The continental-scale analysis reveals distinct patterns for the major European climatic regions. The spatial patterns for the mean wet day precipitation (Fig. 3d: MWD) obtained using the with_discharge LSTM model are well aligned to the ones from ERA5 Land (Fig. 3a) and EOBS (Fig. 3j). Higher daily average values are observed towards the Alps, the Carpathian Mountain ranges, and the coast of Norway, consistent with the climatology of these regions. In addition, we also see that the ERA5 Land largely matches the precipitation field's characteristics (wet day mean and 95th percentile limit) as in the observational E-OBS product. This indicates that both products contain complementary information at such larger spatial scales.

https://hess.copernicus.org/articles/29/6115/2025/hess-29-6115-2025-f03

Figure 3The spatial patterns of the different time series metrics (Appendix C) mean wet day precipitation (MWD) – mm d−1, 95th percentile limit (R95P) – mm d−1, and Spearman autocorrelation values (SL) over the study catchments for the different precipitation estimates – ERA5 Land (top row): (a–c), with_discharge LSTM model (second row): (d–f), without_discharge LSTM model (third row): (g–i) and E-OBS (bottom row): (j–l) from 2006 to 2020 (2015 for CAMELS-GB catchments).

For the 95th percentile of wet days (R95P), we again see a robust representation of the spatial differences, along with an underestimation of the magnitudes (Fig. 3b–k). The Spearman autocorrelation coefficient values (SL: Fig. 3c–l) indicate that while the models underestimate the mean and 95th percentile limits, they overestimate the autocorrelation (which indicates the persistence in the precipitation time series) compared to the ERA5 Land and EOBS time series.

Comparing the with_discharge and without_discharge models for MWD and R95P, we see that the addition of discharge information reduces the underestimation errors over the continental scale.

The higher autocorrelation values for the with_discharge (Fig. 3f) and without_discharge (Fig. 3i) may arise from model products incorporating catchment persistence, unlike the gridded observational E-OBS data. In the case of the with_discharge LSTM model, the higher values are likely due to the inclusion of strongly auto correlated streamflow data, which adds redundancy or a longer memory.

3.3 Out of sample predictions

Figure 4 shows predicted event precipitation values over time for the four out-of-sample catchments. Again, we compare the inversely modelled values (with_discharge and without_discharge) to the ERA5 Land (the reanalysis product to be corrected) and the gauge-based E-OBS product (our training target). Table 3 lists the peak storm precipitation values reported by the different products along with the recorded flood values (both normalised to the catchment area in mm d−1). Also shown are the storm runoff coefficients for the respective events based on the different precipitation estimates and discharge data.

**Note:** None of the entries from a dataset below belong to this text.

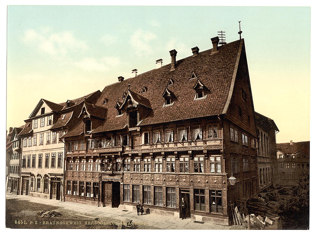 Braunschweig, Haus zur Hanse, Hofbrauhaus Wolters, ca. 1890-1900
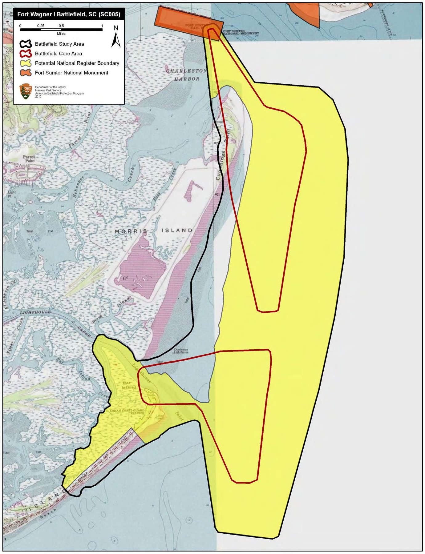 Map of battlefield core and study areas. The ABPP revised the 1993 Study Area to reflect the coastline of Morris Island as it was shaped in 1863. The revised Study Area also includes the main shipping channel of Charleston Harbor and Light House Inlet (both used by attacking US Naval forces), the Folly Island camps and batteries, and the angled field of fire from Fort Sumter. The ABPP modified the northern Core Area to represent the ranges of heavy artillery fire from US vessels in the harbor, and from Fort Wagner and Fort Sumter. The southern Core Area includes the field of covering fire from US Army batteries along the northern edge of Folly Island, and fields of fire associated with US Navy vessels in the harbor channel and ships landed with BG Strong's Brigade on the southern tip of Morris Island.
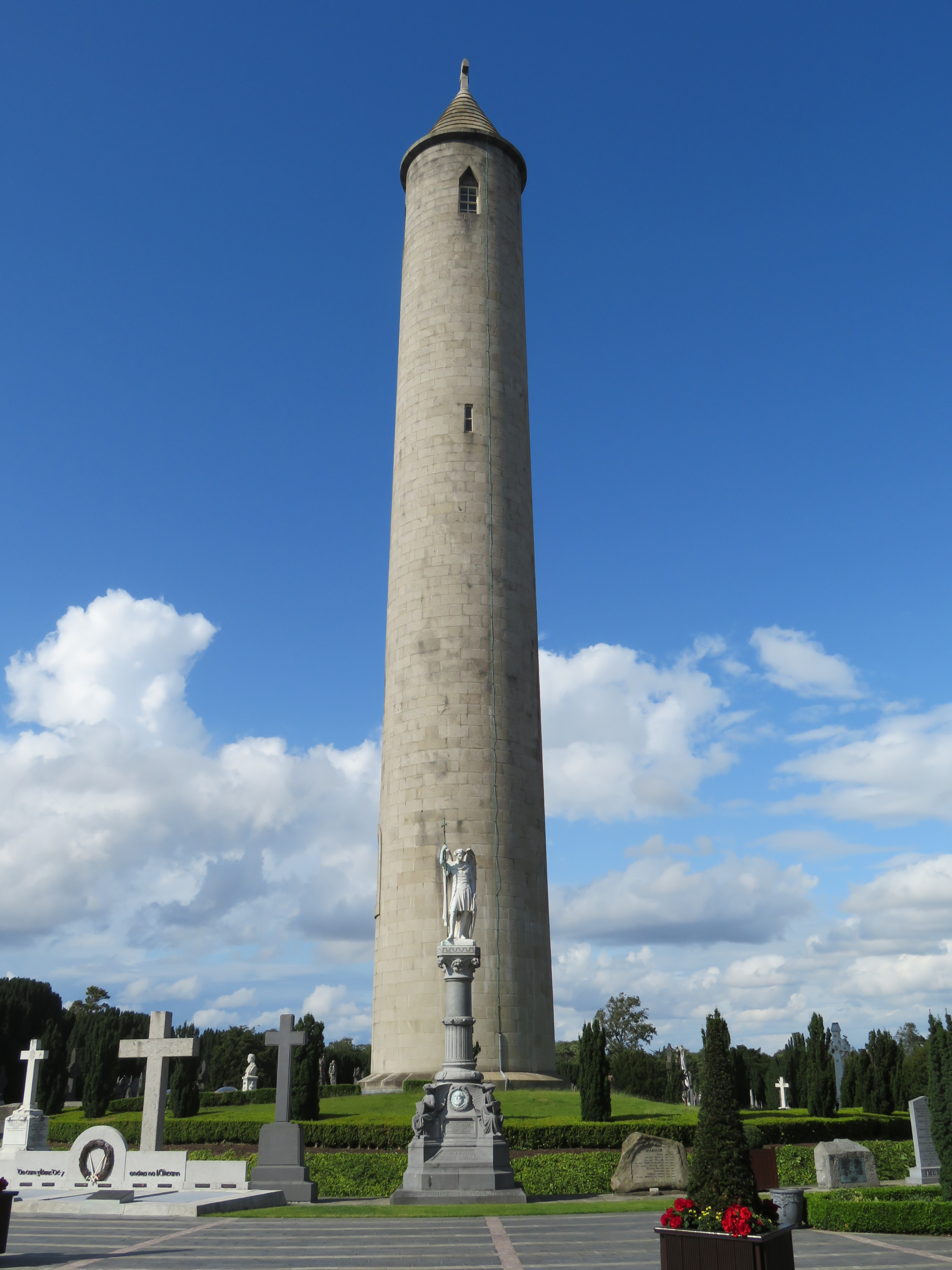 Ireland's tallest round tower, the O'Connell Tower at Glasnevin Cemetery in Dublin, is 55 metres high on ground that is 34 metres above sea level. It was built with granite walls one metre thick in 1869 to honour the Irish political leader, Daniel O'Connell. The interior was damaged by a Loyalist bomb on 17 January 1971 and remained unrepaired and idle for 47 years until it was restored and re-opened on 13 April 2018. The stair climb to the top is an easy 198 steps with panoramic views in all directions of Dublin, the Irish Sea, and the mountains to the south.

https://hess.copernicus.org/articles/29/6115/2025/hess-29-6115-2025-f04

Figure 4Precipitation estimates for flood events at four out-of-sample catchments: (a) Elsenz Schwarzbach, (b) Ernz, (c) Sueiro, and (d) Hoelzlebruck. The red line represents the observed daily streamflow, with a cross marking the day of the flood event. The orange curve indicates the precipitation predicted by the with_discharge LSTM model, while the green curve shows the precipitation predicted by the without_discharge model. The blue line reflects the original gauge-based EOBS time series, and the grey line represents the estimate from the ERA5 Land.

Download

Table 3Event characteristics (storm volume and runoff coefficients) for the four out of sample catchments.

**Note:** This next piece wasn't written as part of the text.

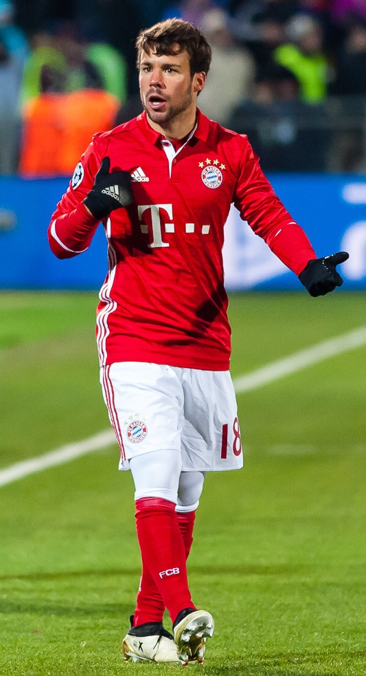 Juan Bernat with FC Bayern Munich in a Champions League game against FC Rostov.

Download Print Version | Download XLSX

Figure 4a represents the summer flood in June 2016 in the Elsenz Schwarzbach catchment in Germany. This annual flood event was triggered by a series of convective rainfall events caused by persistent atmospheric conditions in Germany during the summer of 2016. Localised rainfall totals exceeded 100 mm in some catchments (Bronstert et al., 2018), triggering widespread flash floods. Our previous work (Manoj J et al., 2024) indicated that the ERA5 Land reanalysis product could not accurately replicate the characteristics of the convective storm that caused this annual flood event over the Elsenz Schwarzbach catchment. The with_discharge LSTM simulated precipitation for this event was higher than the values reported by both ERA5 Land and the training target EOBS, while the without_discharge model performed even worse than ERA5 Land.

A comparison of with_discharge LSTM-simulated precipitation values to radar estimates over the same region (Manoj J et al., 2024) revealed the estimates to be closer than those reported by the observational E-OBS product. The runoff coefficient (Table 3) for the event also decreased from 48 % (ERA5 Land) to around 18 % (with_discharge), which is consistent with estimates from Manoj et al. (2024). The with_discharge LSTM model was also able to represent the second storm peak more accurately than ERA5 Land.

Next, the with_discharge model was used to estimate precipitation for another convective episode over the Ernz Catchment in Luxembourg (Fig. 4b) in the summer of 2018. Once again, we observed that the model overestimated the peak precipitation compared to the observational EOBS product used for training. However, the model benefited from integrating improved event timing information from ERA5 Land, which helped reduce timing errors compared to EOBS. Essentially, the model combined information from both ERA5 Land and discharge to produce a storm estimate that was more consistent with the hydrology of the flood, taking into account both the volume and timing of the event, than the observational EOBS product. In contrast, the without_discharge model again performed poorly for this event, resulting in an unrealistically high runoff coefficient of 4.34 (Table 3).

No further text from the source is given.